India’s biggest biscuit maker Britannia has appetite for acquisitions

Britannia Industries, India’s biggest bread and biscuit maker by market share, has said it is looking for acquisitions as severe commodity inflation bites into consumer goods companies.

Varun Berry, Britain’s managing director, told the Financial Times that now was “probably the right time” for acquisitions, as smaller companies “could be in trouble”. He said Britannia is “in the process of setting up a team which is going to look at acquisition targets”.

However, Berry cautioned that with “valuations are sky-high” in India, Britannia would take its time to find a good value deal: “We’re not adventurous with our money.” The $ 11bn market cap baker has not made a significant acquisition since 2009.

The 128-year-old company, which makes bourbon biscuits to sliced ​​bread, is a barometer for consumption in the world’s second most populous country.

Yet fast-moving consumer goods (FMCG) companies like Britannia are feeling pressure caused by Russia’s invasion of Ukraine, which has dramatically driven up already high commodity prices and could upset Britannia’s expansion plans.

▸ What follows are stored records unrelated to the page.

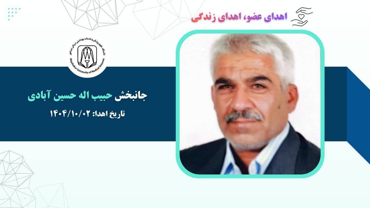 معاون درمان دانشگاه علوم پزشكی نیشابور گفت: زنده یاد حبیب الله حسین آبادی، ۶۶ ساله که در اثر خونریزی مغزی دچار مرگ مغزی شده بود برای اهدای اعضا اعزام شد.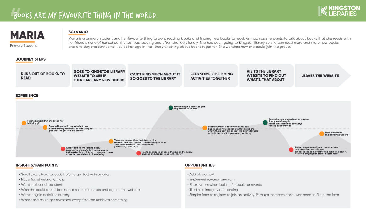 From these user journeys we realised that we needed a welcoming platform to all current and potential customers of Kingston Libraries. A one fit all solution, where the website will have everyone's need. The site will entice new members and also satisfy existing members.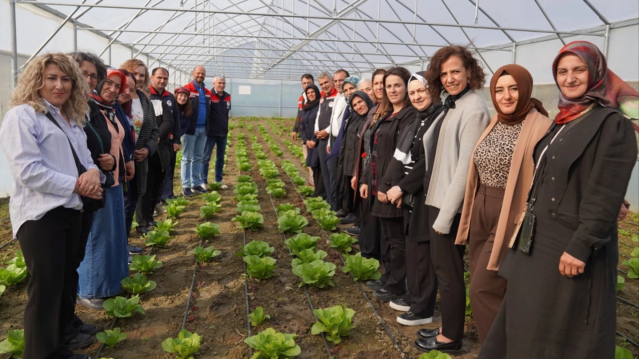 Hanönü Halk Eğitim Merkezinde kadınlar tarafından üretilen el emeği ürünler ziyaret edilirken, Hanyöresi Kadın Kooperatifi ortağı Hülya YIıldırım’a ait serada da incelemelerde bulunuldu.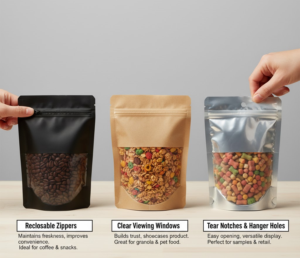 The basic pouch is highly adaptable. You can add features that significantly improve how the consumer interacts with your product.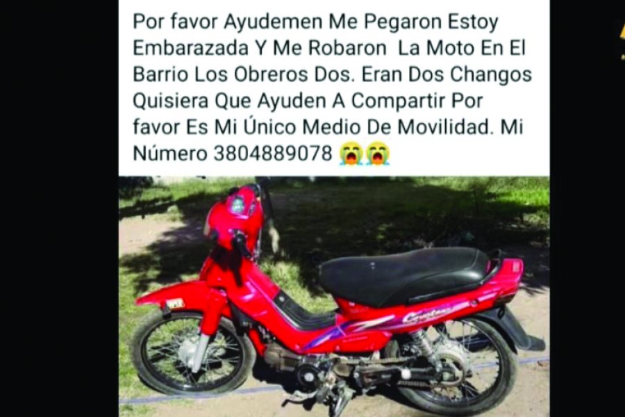 La joven contó que su hermana, que cursa el cuarto mes de su embarazo, iba en una motocicleta Yamaha Crypton de color rojo, cuando a la altura del barrio Los Obreros, pasó por un sector donde había un grupo de chicos. Dos de ellos que iban en una motocicleta Yahama FZ, la siguieron, la encerraron e intentaron arrebatarla.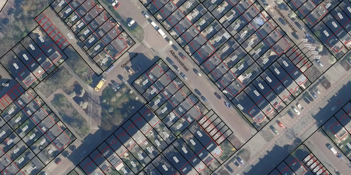 Albatrosstraat 7 is gelegen op kadastraal perceel LDD00A5809. Deze kadastrale aanduiding is uniek en wordt gebruikt door het Kadaster om eigendomsrechten en andere zakelijke rechten vast te leggen. Het perceel maakt onderdeel uit van de kadastrale gemeente Leiderdorp.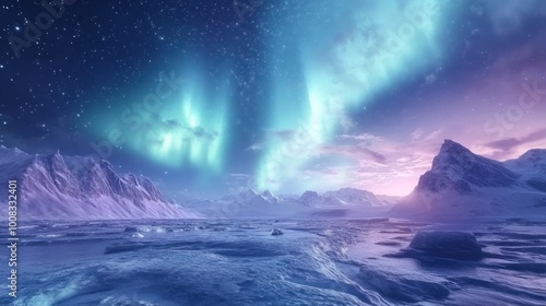 Naklejka premium Majestic Aurora Borealis Lights Up Snowy Mountain Range.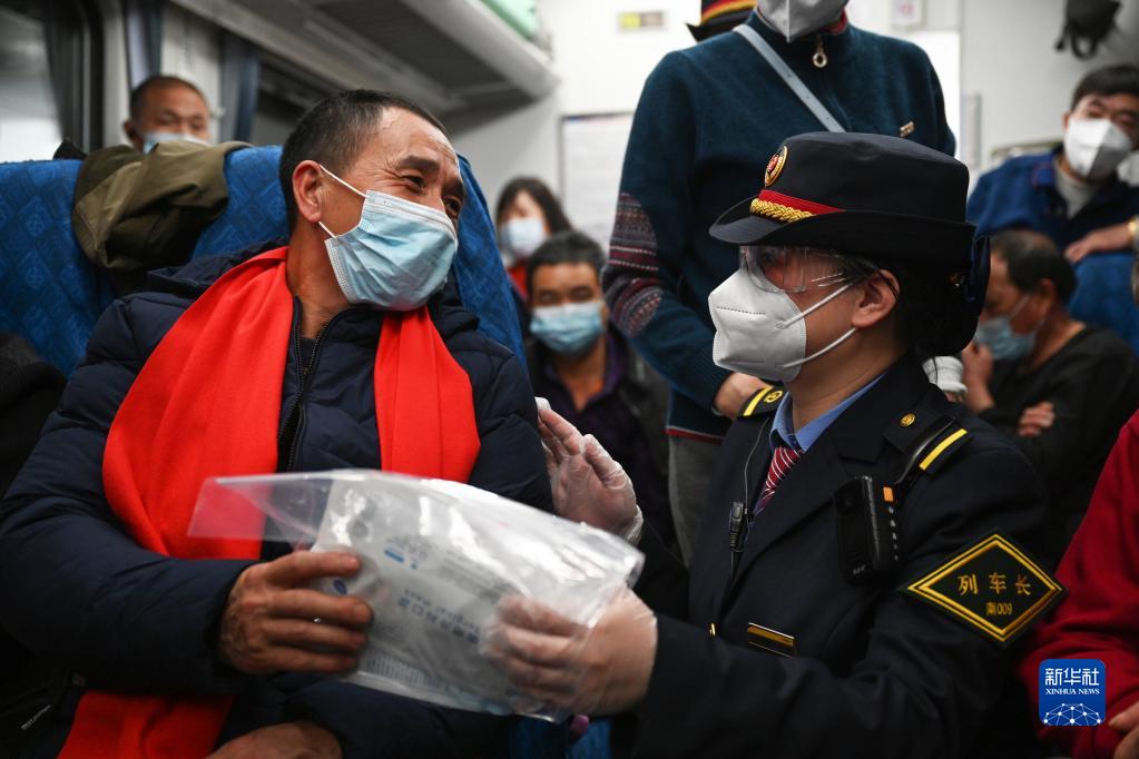 1月13日,乘務(wù)員在K1268次列車(chē)車(chē)廂里為乘客發(fā)放防疫健康包。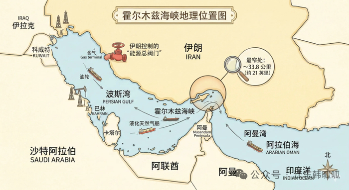 霍尔木兹海峡以内的波斯湾地区主要包括沙特、阿联酋、伊朗、伊拉克、卡塔尔、科威特和巴林七个国家,其中伊朗位于波斯湾东北岸,是唯一非阿拉伯国家,控制霍尔木兹海峡北岸。除伊朗和伊拉克外,其余 5五国均为海合会成员国,该地区石油储量占全球近半,天然气储量占全球约三分之一,是世界最重要的油气产区与出口地。唯一出海口为霍尔木兹海峡,全球约 20% 的石油运输必经此地。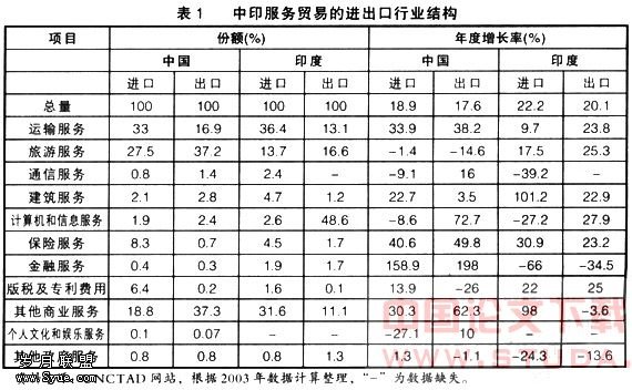 按照联合国贸发会议网站关于世界服务贸易的分类和统计,通过对数据的和整理,2003年中印服务贸易的进出口行业结构如表1。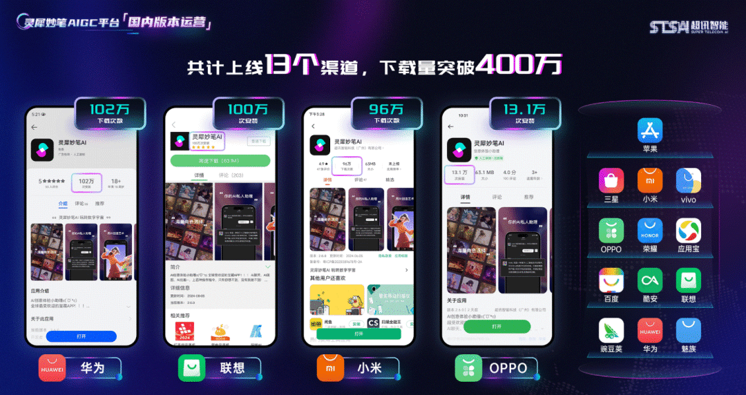 公司AI業(yè)務(wù)則集中于生成式AI技術(shù),旗下子公司研發(fā)的垂類(lèi)APP——靈犀妙筆AI,憑借涵蓋12大板塊,4,000+智慧體的多功能集成,贏得了國(guó)內(nèi)外市場(chǎng)和用戶的青睞,國(guó)內(nèi)下載量超過(guò)400萬(wàn)次,海外下載量達(dá)到500萬(wàn)次,日活躍用戶數(shù)最高突破50萬(wàn)。該APP在市場(chǎng)上表現(xiàn)出色,其獨(dú)特優(yōu)勢(shì)在于讓用戶能夠零門(mén)檻地使用AI進(jìn)行內(nèi)容創(chuàng)作,快速實(shí)現(xiàn)“所想即所得”。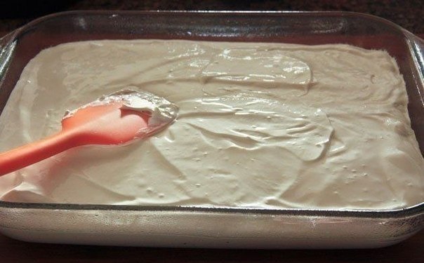 4. Wlej gotową masę do formy. Spróbuj wygładzić powierzchnię, aby była równa i włóż do lodówki. Nie zapomnij przykryć formy folią spożywczą.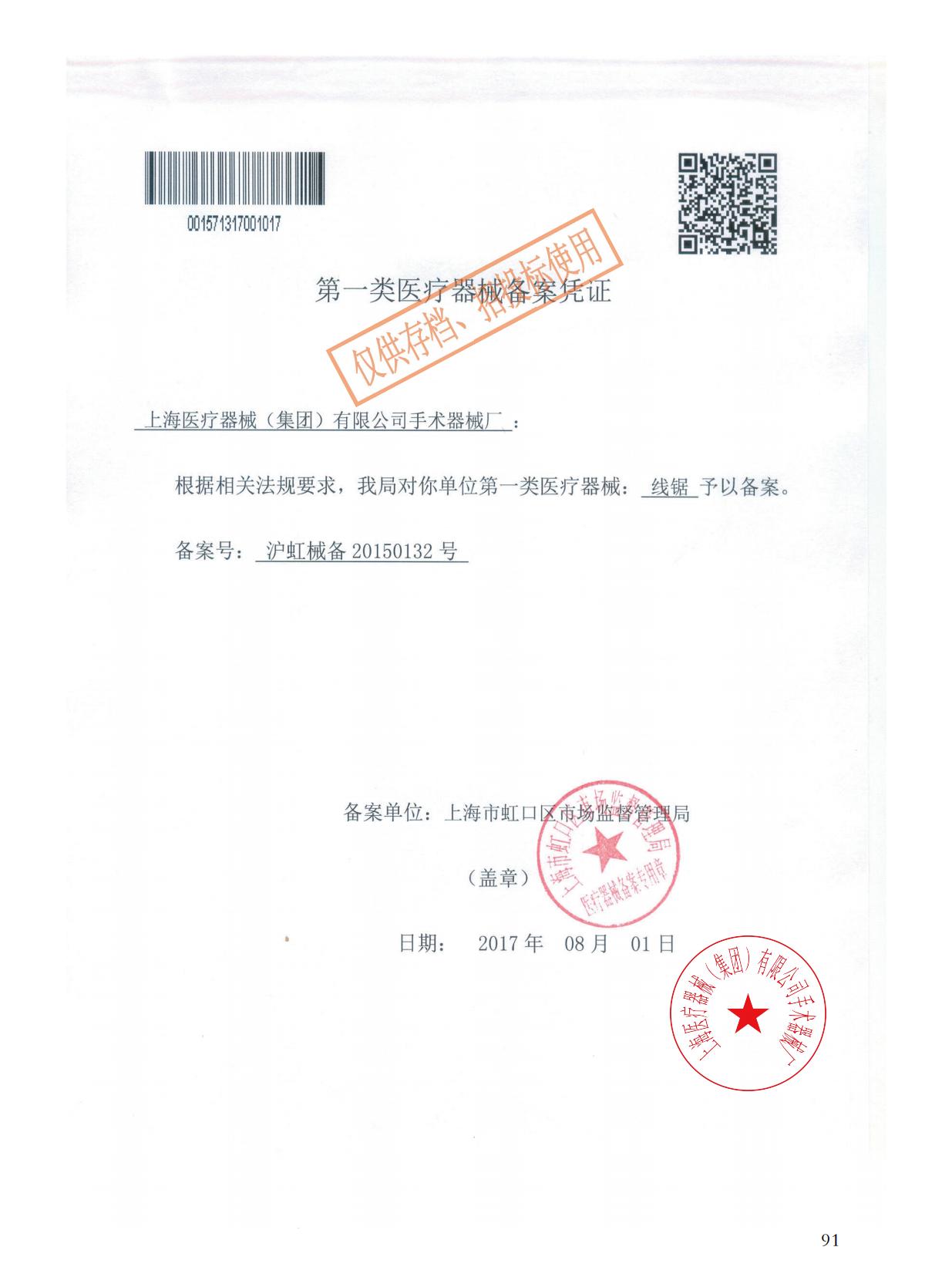 - 產(chǎn)品注冊(cè)證號(hào):滬虹械備 20150132 號(hào)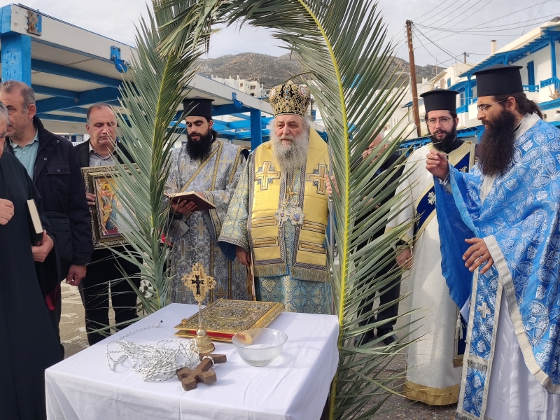Αντίστοιχα, των Ιερών Ακολουθιών της εορτής των Θεοφανίων στην Πάρο, προεξήρχε ο Θεοφιλέστατος Επίσκοπος Κεράμων κ. Βαρθολομαίος.

Bengaluru-based Britannia is also “looking at small expansions in Africa,” one of the areas it sells in along with the Middle East, Nepal and others. But asked how Ukraine would affect Britain’s intentions, Berry said that “if the financials do not look attractive then [we] might just delay that ”.

Those inflation woes underscore how the fallout from Russia’s invasion will be felt by people around the world.

Even though Britannia buys wheat in India, Berry said that rising international wheat prices would lead Indian producers to sell abroad where they can get higher prices: “I’m 100 per cent sure that that’s what’s going to happen now because of the situation in the Black Sea. ”

Berry added that soaring crude oil prices, breaking $ 100 per barrel, would increase the cost of edible oils Britannia uses, as the foodstuff gets diverted into fuel.

“Frankly, it’s a very, very tough situation,” Berry said. “We had just about finished our annual plan,” he said, which forecast 4 or 5 per cent commodity inflation in the coming year after 20 per cent last year. “But now, with the Ukraine situation, we have to rework the numbers because [inflation] could be a lot more. ”

People’s purchasing power has not recovered strongly in India, where unemployment is overshadowing headline growth figures which tip India as the world’s fastest growing major economy.

For FMCG companies in India, “there’s no volume growth happening,” said Berry. Where companies are reporting increased revenue, he said, it’s because they are putting up prices.

Berry said he was “sure that in the coming quarters, volume growths are going to go negative” due to price increases: “I do not think people are going to be able to absorb that, and they’ll start consuming less.” Inflation measured by India’s consumer price index was 6 per cent in January, according to official statistics.

Despite price rises, he said Britannia’s volume growth is overall “positive” in both cities and countryside, although the amount of biscuits sold has declined in rural areas, “where there’s clearly a bigger impact of pricing”. Berry said the company had reduced some products’ size rather than increase their price.

Britannia this month reported flat quarter-on-quarter operational revenues for the three months ending December 31, at Rs34bn ($ 460mn).

People usually react to price rises by choosing cheaper brands and cutting out non-essential items like face creams, said Abheek Singhi, who leads the Boston Consulting Group’s Asia consumer practice.

But while “there is going to be a slowdown in consumption by a couple of percentage points. . . the impact is actually going to be on company profitability. ”

The skyrocketing inflation is without precedent in Berry’s career, he said. Previously, “the worst year that I saw was 2008, and it was like a lamb” compared to this.